I have used the TFBertModel and AutoModel from the transformer library for training a two-class classification task and the training loss is not decreasing.
bert = TFBertModel.from_pretrained('bert-base-uncased')
input_ids = tf.keras.layers.Input(shape=(SEQ_LEN,), name='input_ids', dtype='int32')
mask = tf.keras.layers.Input(shape=(SEQ_LEN,), name='attention_mask', dtype='int32')
embeddings = bert(input_ids, attention_mask=mask)[1]
X = tf.keras.layers.Dropout(0.1)(embeddings)
X = tf.keras.layers.Dense(128, activation='relu')(X)
y = tf.keras.layers.Dense(1, activation='sigmoid', name='outputs')(X)

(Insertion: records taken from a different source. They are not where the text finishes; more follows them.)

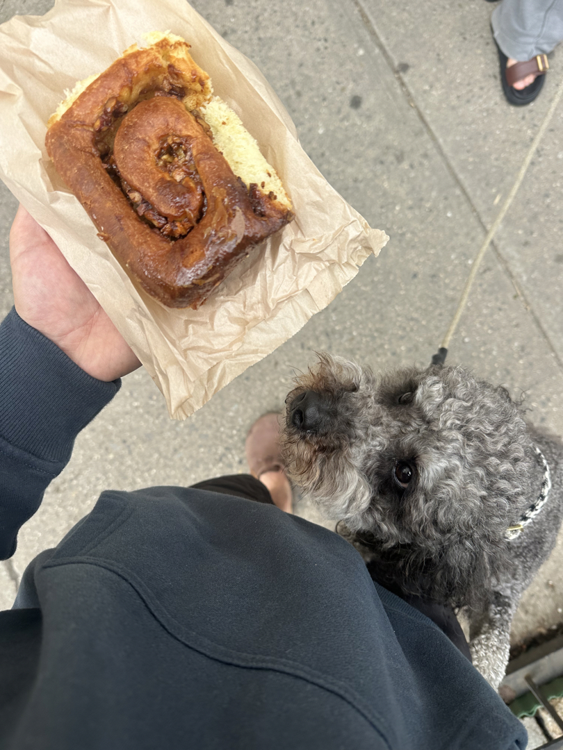 "This guy ahead of me was the coolest person I’ve ever seen. I am so not cool enough for LES or EV or wherever this is. That will change one day but he helped the barista (is that how you spell it) pick out a record and had cool diamonds on his teeth and I was like wow you’re cool. Well that was the only cool thing about this place because I walked 30 mins to try the best sandwich in the city and THEY HAD A FIRE THING AND THE OVENS WERE DOWN FOR THE WEEK 😭 so I got this pity pastry and decent coffee. I hope my score catapults when I go back and get the sandwich KP got that looked truly amazing. I didn’t like this pastry even though they said they’re famous for it. Tasted kinda burnt and not yummy. Probably would’ve liked the almost croissant more. Definitely would have liked a yummy sandwich more 😪 Coffee was actually pretty decent tho. The Kouign-amann is pronounced queen a-mahn in case you want to order something not very yummy" - Connor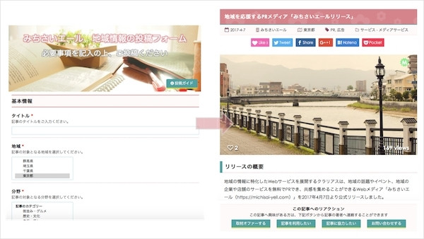 PRの記事はWeb上で簡単に作成することができ、公開された記事には各種SNSのシェアボタンの他にも、記事に関心ある方からの連絡(取材や記事の利用に関するお問い合わせなど)を受け付けられる、リアクションボタンを選択して付けることができます。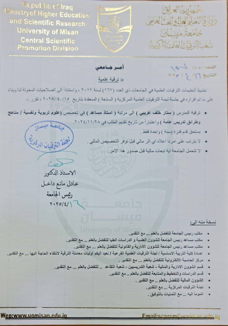 بمناسبة الاحتفال بالذكرى السنوية لتأسيس جامعة ميسان وبتوجيه عميد كلية التربية الأساسية الدكتور عمار جبار حسين الوهج بادر التدريسي في قسم معلم الصفوف الأولى بعمل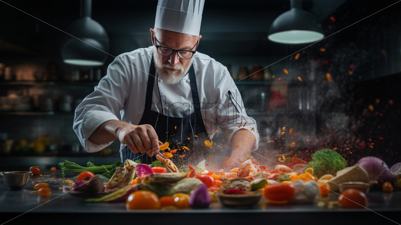 A charismatic Cajun chef in New Orleans, Louisiana, USA, cooking up a storm in a bustling French Quarter kitchen.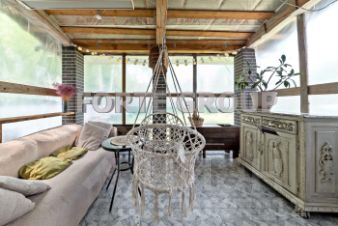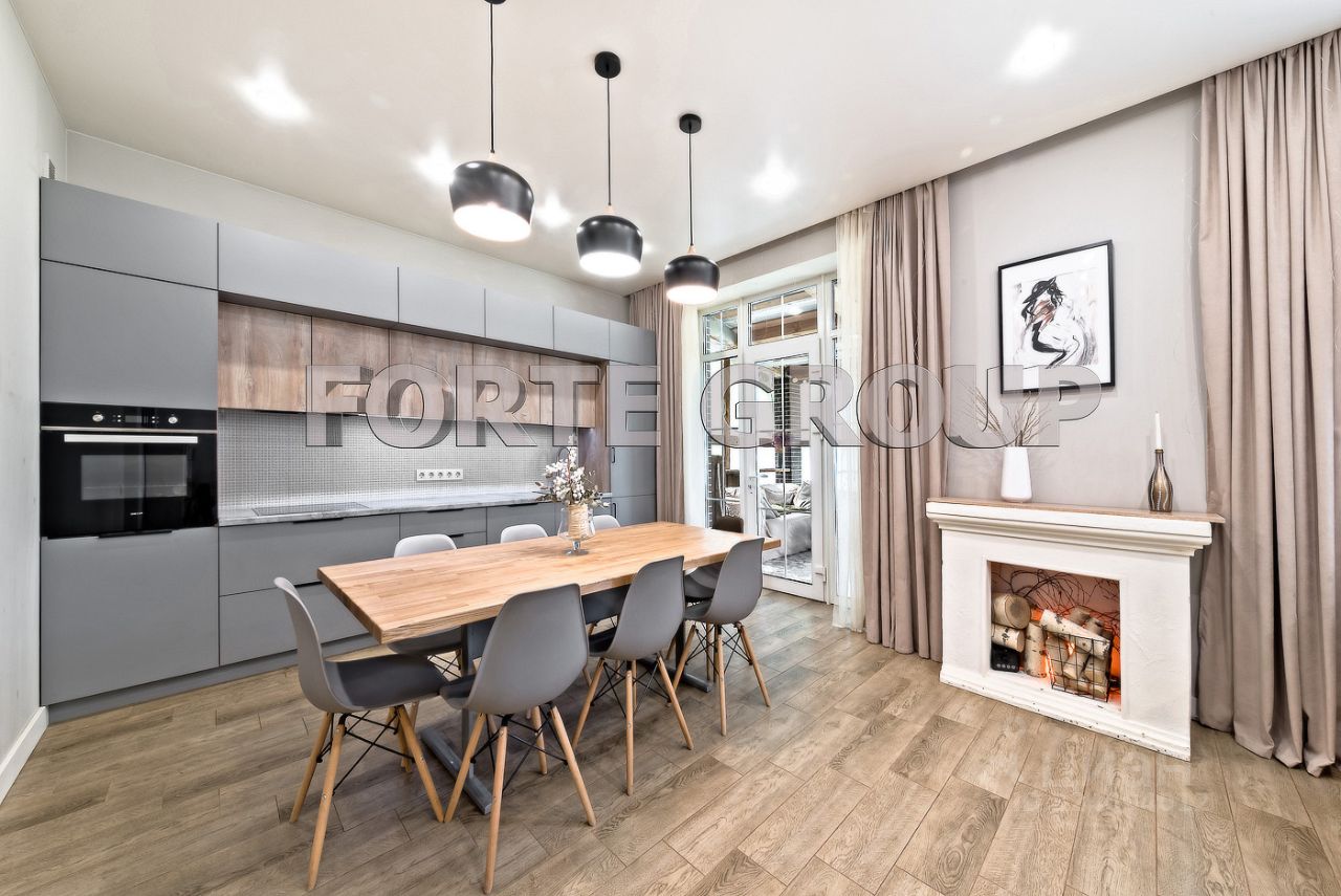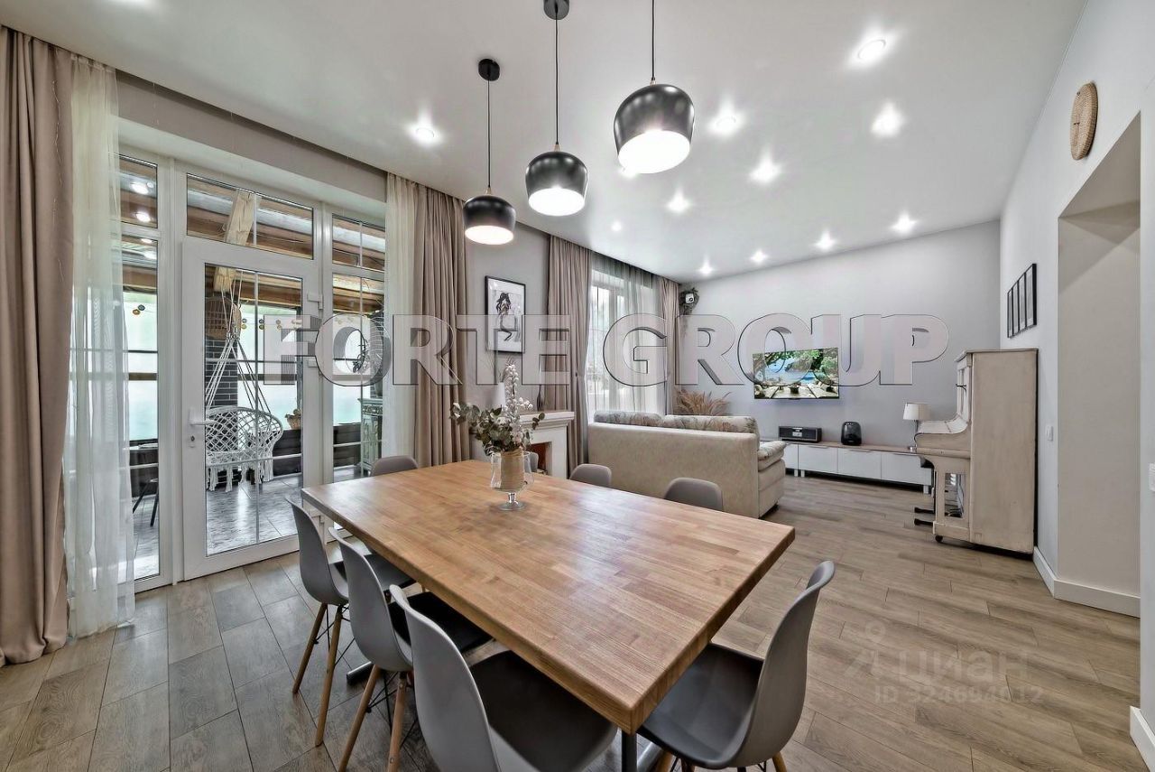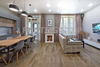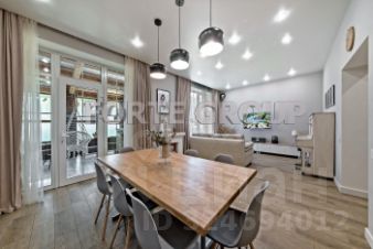 - большая гостиная с дизайнерской кухней (духовой шкаф, вытяжка, плита, посудомоечная машина - все встроено), выход на веранду, а также лаунж-зона с телевизором.
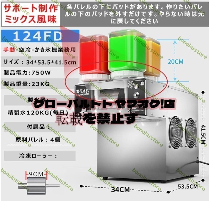かき氷機 業務用 電動 アイスクラッシャー 3秒で氷が出 かき氷メーカー 氷粉砕機 速度調整可能 回転トレイ 110V 124FD-混合色製作

bert_model = tf.keras.Model(inputs=[input_ids, mask], outputs=y)
bert_model.compile(optimizer='adam', loss='binary_crossentropy', metrics=['accuracy'])
But when I use the TFBertForSequenceClassification model the model converges fast and the training loss reaches zero.
bert_model = TFBertForSequenceClassification.from_pretrained('bert-base-uncased',num_labels=2)
loss = tf.keras.losses.SparseCategoricalCrossentropy(from_logits=True)
metric = tf.keras.metrics.SparseCategoricalAccuracy('accuracy')
optimizer = tf.keras.optimizers.Adam(learning_rate=2e-5,epsilon=1e-08)
bert_model.compile(loss=loss, optimizer=optimizer, metrics=[metric])
I want to use the sequence output of BERT and hence I need to load the model with TFBertModel or something similar which returns the outputs of BERT.